7. Broader Context and Extensions
ChartReasoner is positioned at the intersection of code-driven data synthesis pipelines (Xu et al., 4 Nov 2025), symbolic reasoning, and RL-regularized LLM training. Future directions include:
- Extension to more complex, real-world chart domains including infographics and multi-panel layouts.
- Integration of geometric or learned visual parsing modules to handle densely packed or stylized elements.
- Development of human-in-the-loop or curriculum RL strategies to further tune output quality, reasoning clarity, and factuality.

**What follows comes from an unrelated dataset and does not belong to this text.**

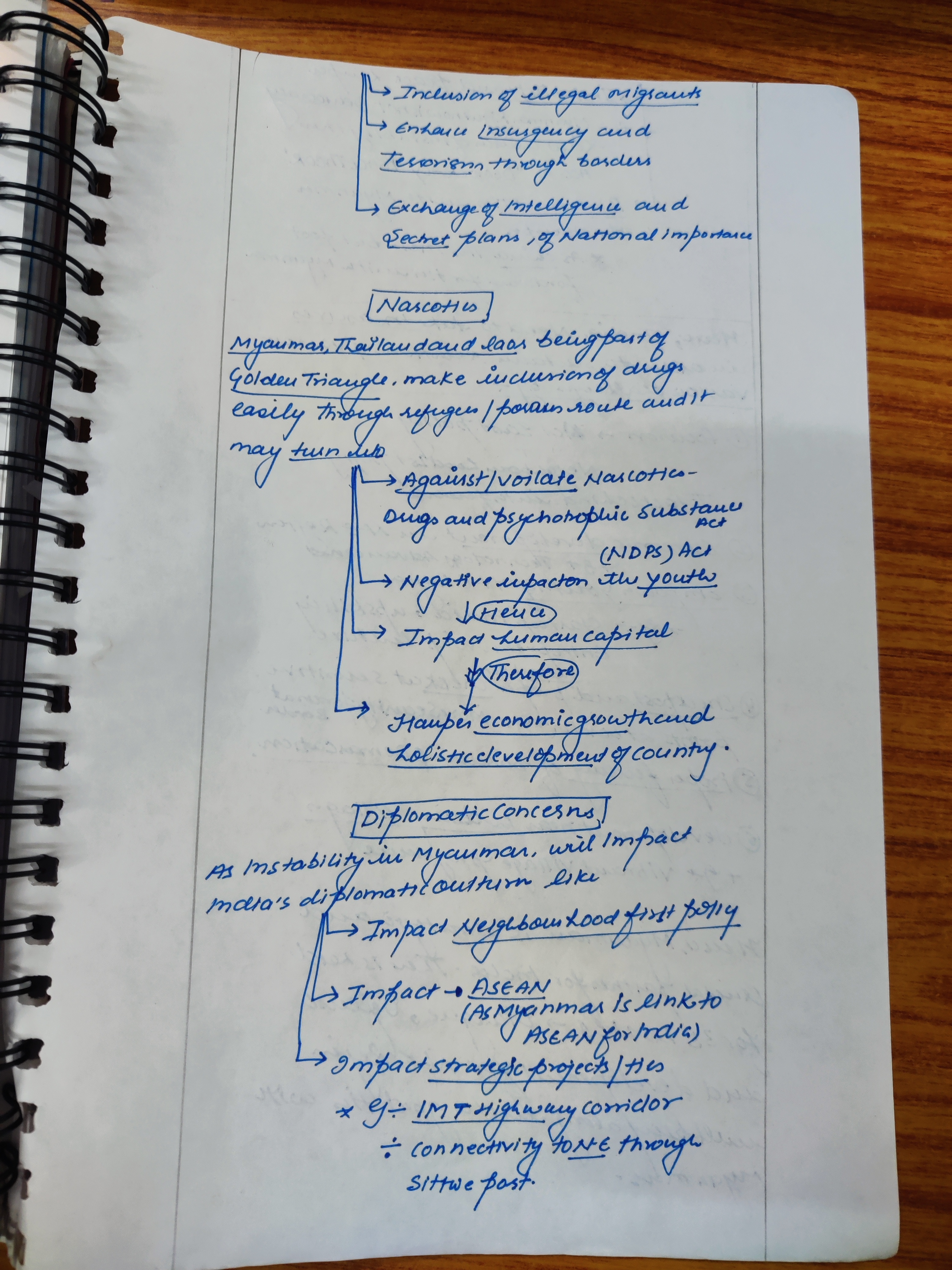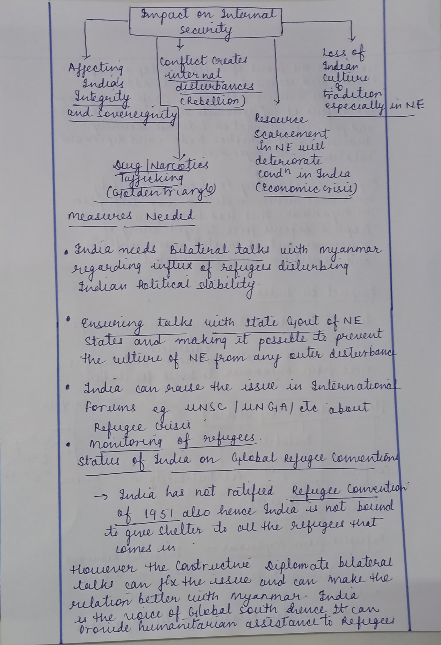 • Introduction: Begin by highlighting the ongoing civil strife in Myanmar and its direct impact on India, especially in border states like Mizoram and Manipur.

- Application of the code-to-CoT paradigm to other visually structured modalities beyond charts, such as scientific diagrams and graphical abstracts (Jia et al., 11 Jun 2025).
Overall, ChartReasoner represents a unifying framework for interpretable, high-fidelity chart reasoning anchored in symbolic, executable representations and LLM-generated chain-of-thought solutions.